Reproduce exactly only the lines from the line that holds "臺灣物(wù)理(lǐ)治療學會第49次年會及學術研究會" to the line that holds "Обивка. Кресло представлено", inclusive, in the listing below, and please leave out every picture.

Supplied data:
========================================================================

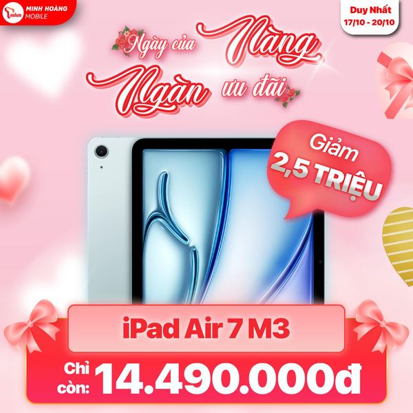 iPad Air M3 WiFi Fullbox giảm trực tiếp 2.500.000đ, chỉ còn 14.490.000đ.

========================================================================

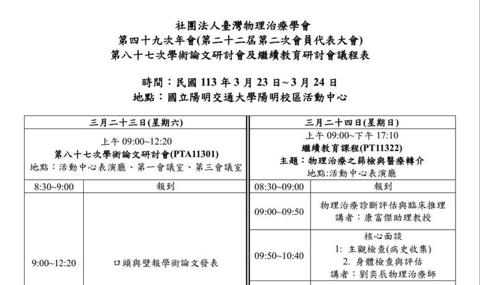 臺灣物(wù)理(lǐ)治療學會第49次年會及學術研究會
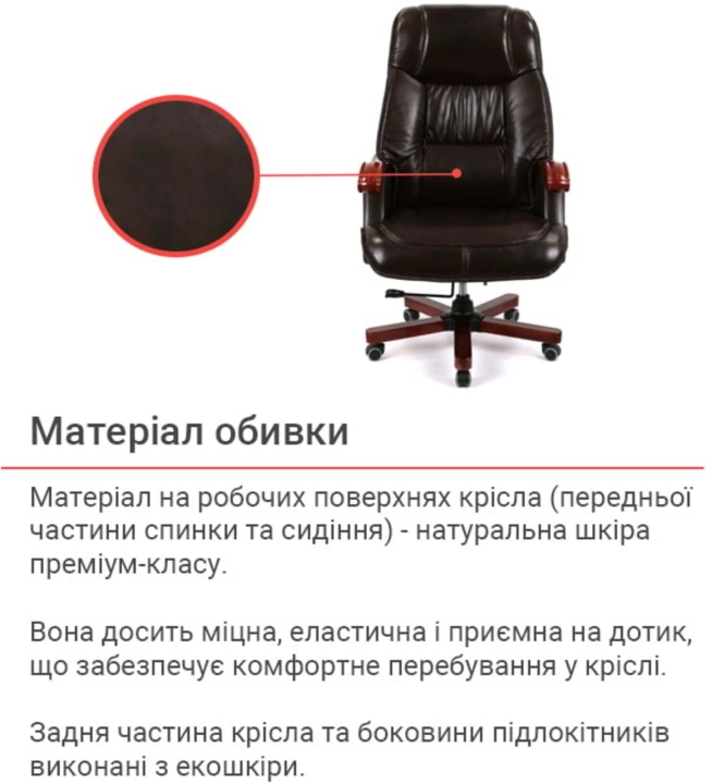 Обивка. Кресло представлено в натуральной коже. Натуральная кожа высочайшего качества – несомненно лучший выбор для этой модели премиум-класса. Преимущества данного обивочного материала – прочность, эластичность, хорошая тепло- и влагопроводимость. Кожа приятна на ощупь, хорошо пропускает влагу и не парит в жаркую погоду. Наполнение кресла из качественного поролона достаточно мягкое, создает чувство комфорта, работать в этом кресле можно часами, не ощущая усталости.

========================================================================

Solution for this task:
 臺灣物(wù)理(lǐ)治療學會第49次年會及學術研究會
 Обивка. Кресло представлено в натуральной коже. Натуральная кожа высочайшего качества – несомненно лучший выбор для этой модели премиум-класса. Преимущества данного обивочного материала – прочность, эластичность, хорошая тепло- и влагопроводимость. Кожа приятна на ощупь, хорошо пропускает влагу и не парит в жаркую погоду. Наполнение кресла из качественного поролона достаточно мягкое, создает чувство комфорта, работать в этом кресле можно часами, не ощущая усталости.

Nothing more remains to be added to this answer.